## [DATASET EXCERPT]

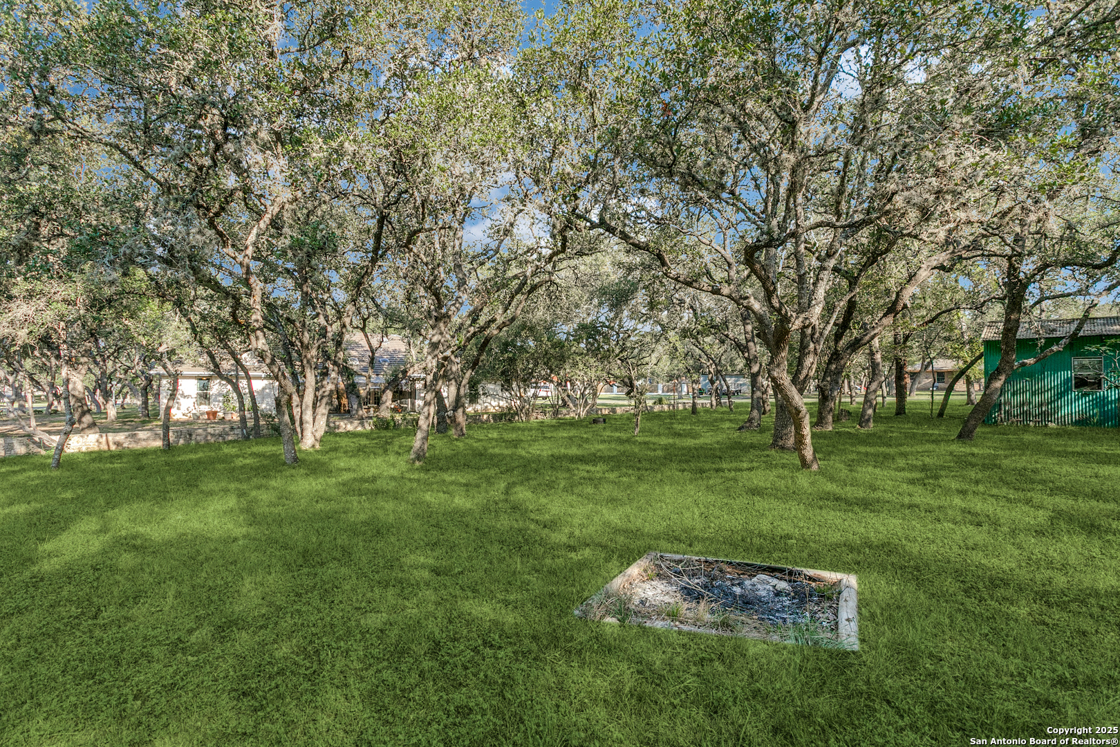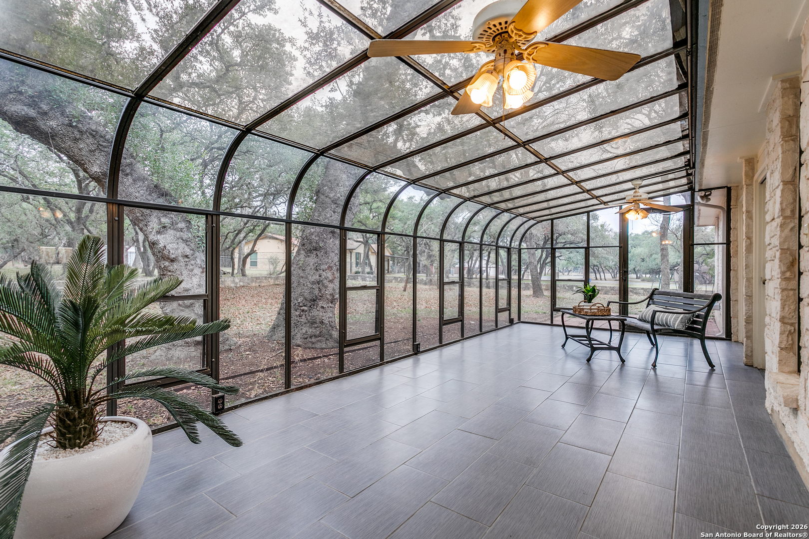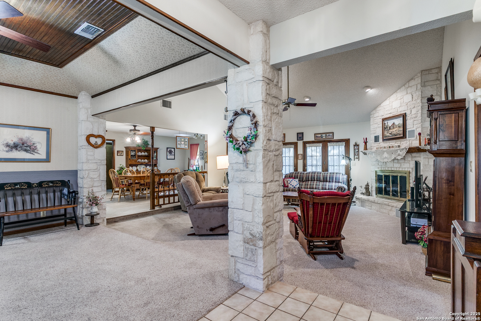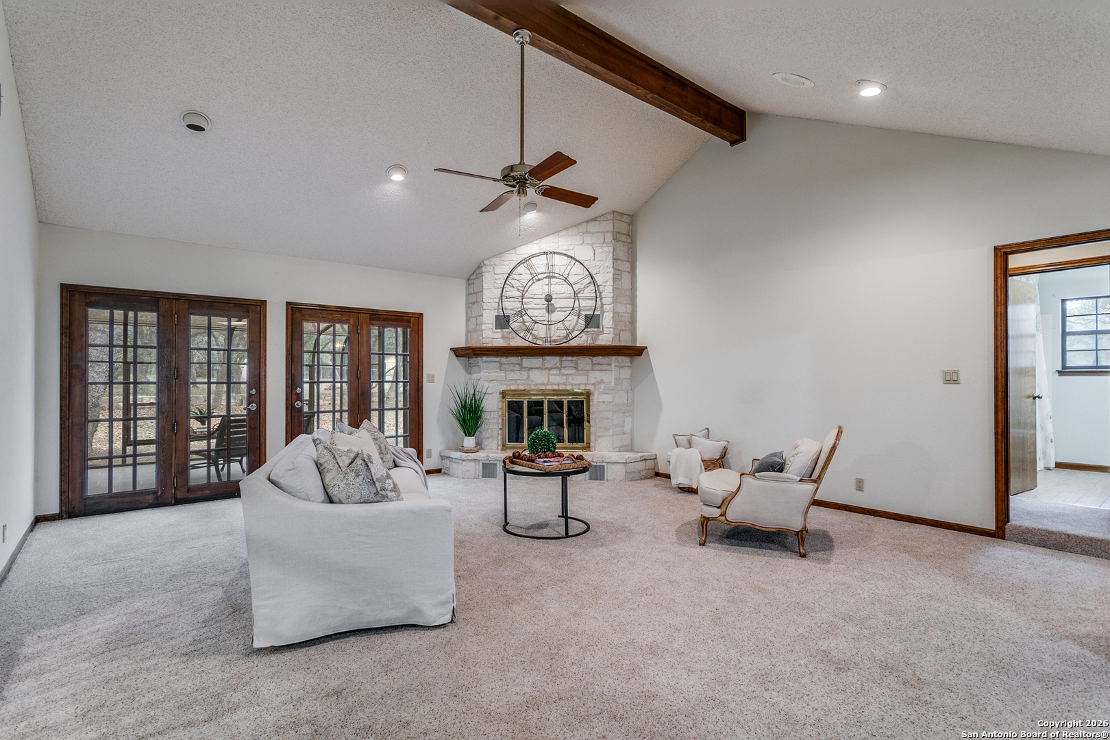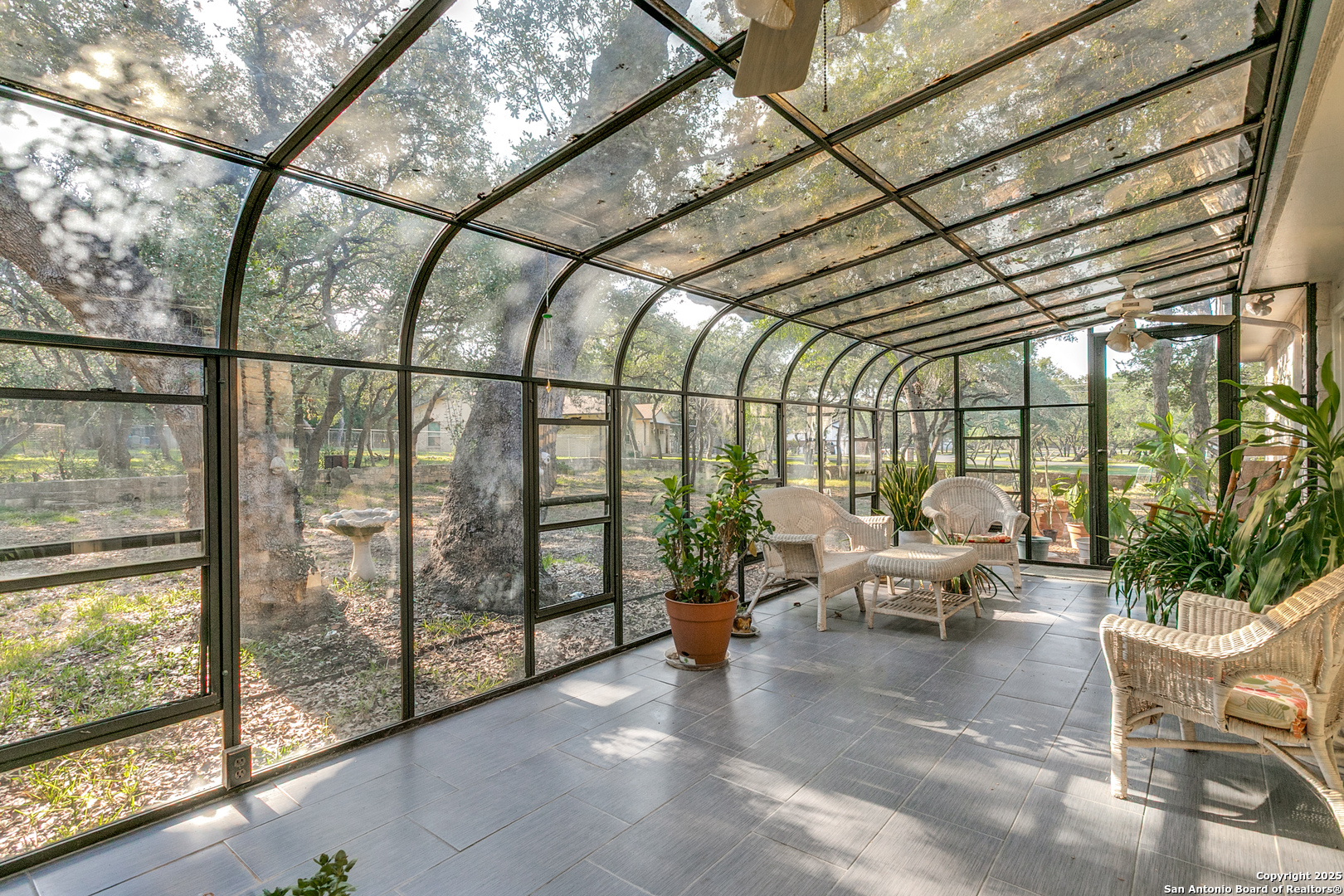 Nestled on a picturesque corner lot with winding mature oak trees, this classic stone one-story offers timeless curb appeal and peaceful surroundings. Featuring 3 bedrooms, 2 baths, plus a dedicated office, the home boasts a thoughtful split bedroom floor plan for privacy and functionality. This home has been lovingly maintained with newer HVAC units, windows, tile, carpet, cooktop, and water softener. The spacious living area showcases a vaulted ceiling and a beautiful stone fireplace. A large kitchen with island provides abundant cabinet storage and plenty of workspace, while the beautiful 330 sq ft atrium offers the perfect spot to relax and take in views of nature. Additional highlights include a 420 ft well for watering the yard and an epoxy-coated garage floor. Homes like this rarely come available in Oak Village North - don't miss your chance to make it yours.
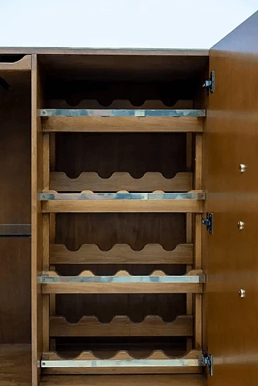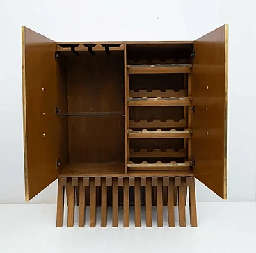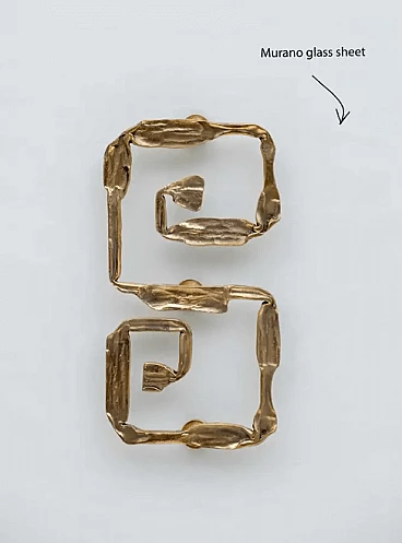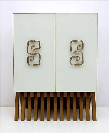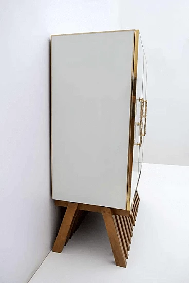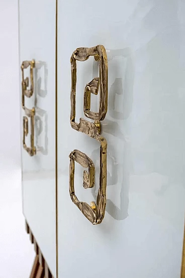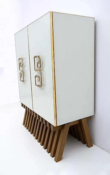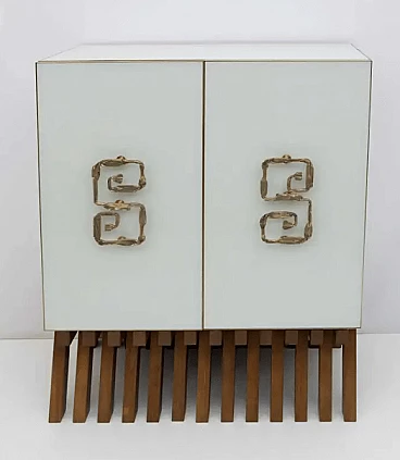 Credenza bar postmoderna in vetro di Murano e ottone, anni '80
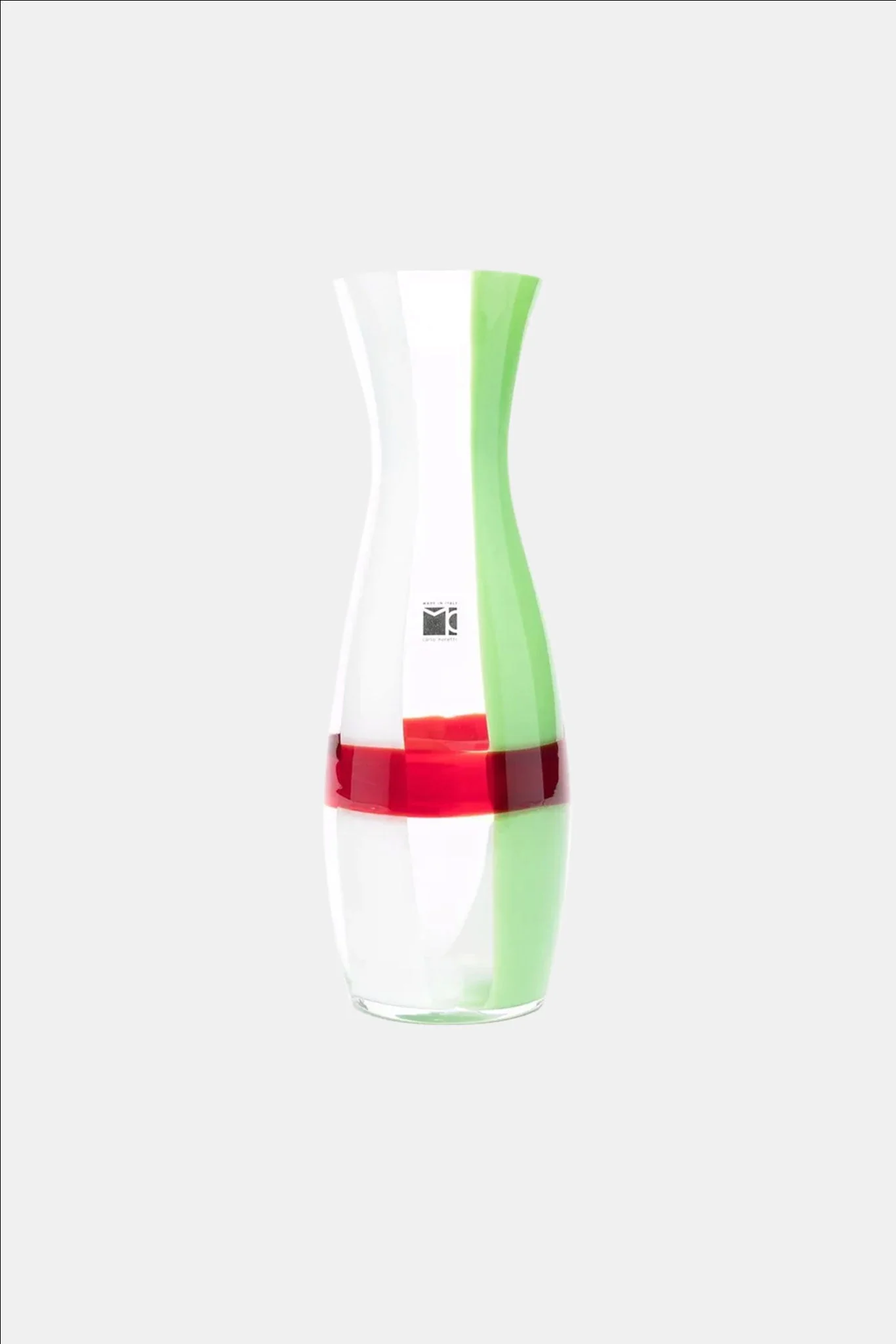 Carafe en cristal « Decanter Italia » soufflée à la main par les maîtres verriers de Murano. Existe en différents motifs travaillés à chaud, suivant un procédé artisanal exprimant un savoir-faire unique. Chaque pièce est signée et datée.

## [TASK STATEMENT]
Reprint the listing above exactly, without images.

## [RESULT OF THIS TASK]
 Nestled on a picturesque corner lot with winding mature oak trees, this classic stone one-story offers timeless curb appeal and peaceful surroundings. Featuring 3 bedrooms, 2 baths, plus a dedicated office, the home boasts a thoughtful split bedroom floor plan for privacy and functionality. This home has been lovingly maintained with newer HVAC units, windows, tile, carpet, cooktop, and water softener. The spacious living area showcases a vaulted ceiling and a beautiful stone fireplace. A large kitchen with island provides abundant cabinet storage and plenty of workspace, while the beautiful 330 sq ft atrium offers the perfect spot to relax and take in views of nature. Additional highlights include a 420 ft well for watering the yard and an epoxy-coated garage floor. Homes like this rarely come available in Oak Village North - don't miss your chance to make it yours.
 Credenza bar postmoderna in vetro di Murano e ottone, anni '80
 Carafe en cristal « Decanter Italia » soufflée à la main par les maîtres verriers de Murano. Existe en différents motifs travaillés à chaud, suivant un procédé artisanal exprimant un savoir-faire unique. Chaque pièce est signée et datée.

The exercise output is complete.